Every line below must come back exactly as it stands, with the images omitted.

————————

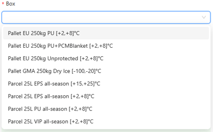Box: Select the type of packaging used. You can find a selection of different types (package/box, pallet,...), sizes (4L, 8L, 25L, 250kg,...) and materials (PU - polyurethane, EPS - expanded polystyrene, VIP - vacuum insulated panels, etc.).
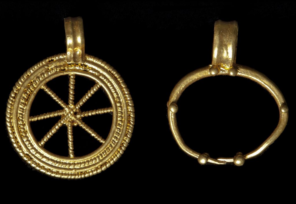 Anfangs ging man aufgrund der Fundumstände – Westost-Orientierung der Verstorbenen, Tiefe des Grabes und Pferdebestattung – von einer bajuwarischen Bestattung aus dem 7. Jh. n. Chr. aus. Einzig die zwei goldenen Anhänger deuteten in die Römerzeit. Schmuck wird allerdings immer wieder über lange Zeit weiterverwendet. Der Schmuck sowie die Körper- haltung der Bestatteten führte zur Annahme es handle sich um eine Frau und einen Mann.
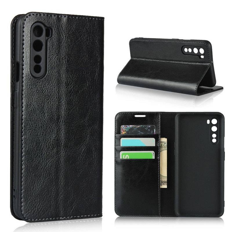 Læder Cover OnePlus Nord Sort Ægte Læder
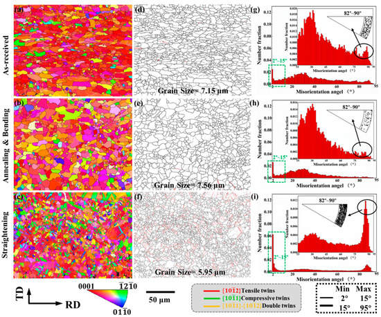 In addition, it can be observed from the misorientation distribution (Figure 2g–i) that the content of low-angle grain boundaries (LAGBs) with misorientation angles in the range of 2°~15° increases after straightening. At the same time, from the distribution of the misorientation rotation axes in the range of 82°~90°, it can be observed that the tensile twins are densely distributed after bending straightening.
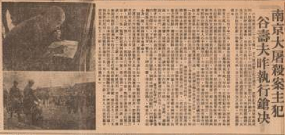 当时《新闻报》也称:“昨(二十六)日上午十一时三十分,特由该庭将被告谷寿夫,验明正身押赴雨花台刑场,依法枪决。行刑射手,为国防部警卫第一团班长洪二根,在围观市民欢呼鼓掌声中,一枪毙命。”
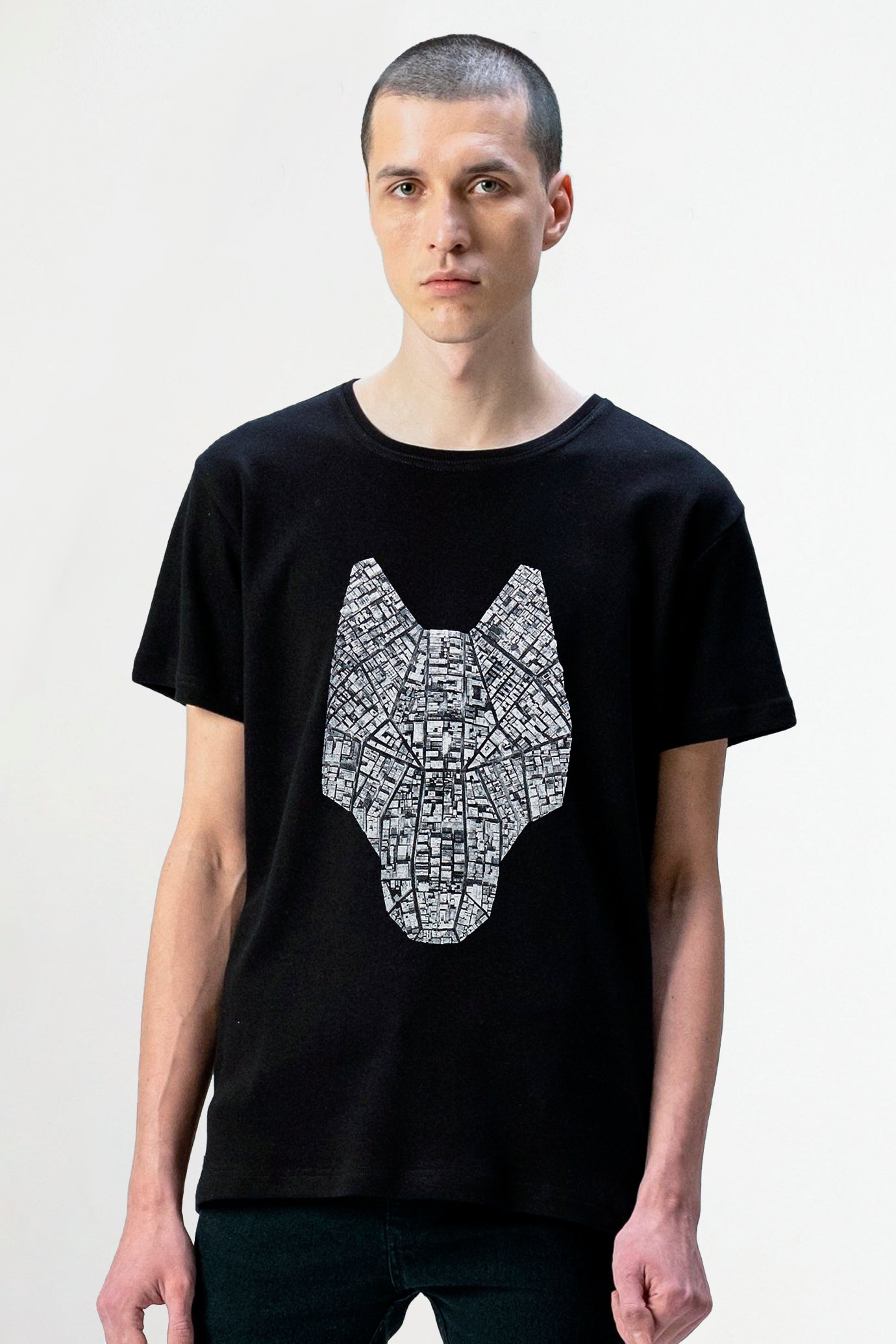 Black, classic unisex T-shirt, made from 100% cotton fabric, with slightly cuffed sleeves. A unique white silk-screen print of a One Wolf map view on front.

————————

## Exercise result
Box: Select the type of packaging used. You can find a selection of different types (package/box, pallet,...), sizes (4L, 8L, 25L, 250kg,...) and materials (PU - polyurethane, EPS - expanded polystyrene, VIP - vacuum insulated panels, etc.).
 Anfangs ging man aufgrund der Fundumstände – Westost-Orientierung der Verstorbenen, Tiefe des Grabes und Pferdebestattung – von einer bajuwarischen Bestattung aus dem 7. Jh. n. Chr. aus. Einzig die zwei goldenen Anhänger deuteten in die Römerzeit. Schmuck wird allerdings immer wieder über lange Zeit weiterverwendet. Der Schmuck sowie die Körper- haltung der Bestatteten führte zur Annahme es handle sich um eine Frau und einen Mann.
 Læder Cover OnePlus Nord Sort Ægte Læder
 In addition, it can be observed from the misorientation distribution (Figure 2g–i) that the content of low-angle grain boundaries (LAGBs) with misorientation angles in the range of 2°~15° increases after straightening. At the same time, from the distribution of the misorientation rotation axes in the range of 82°~90°, it can be observed that the tensile twins are densely distributed after bending straightening.
 当时《新闻报》也称:“昨(二十六)日上午十一时三十分,特由该庭将被告谷寿夫,验明正身押赴雨花台刑场,依法枪决。行刑射手,为国防部警卫第一团班长洪二根,在围观市民欢呼鼓掌声中,一枪毙命。”
 Black, classic unisex T-shirt, made from 100% cotton fabric, with slightly cuffed sleeves. A unique white silk-screen print of a One Wolf map view on front.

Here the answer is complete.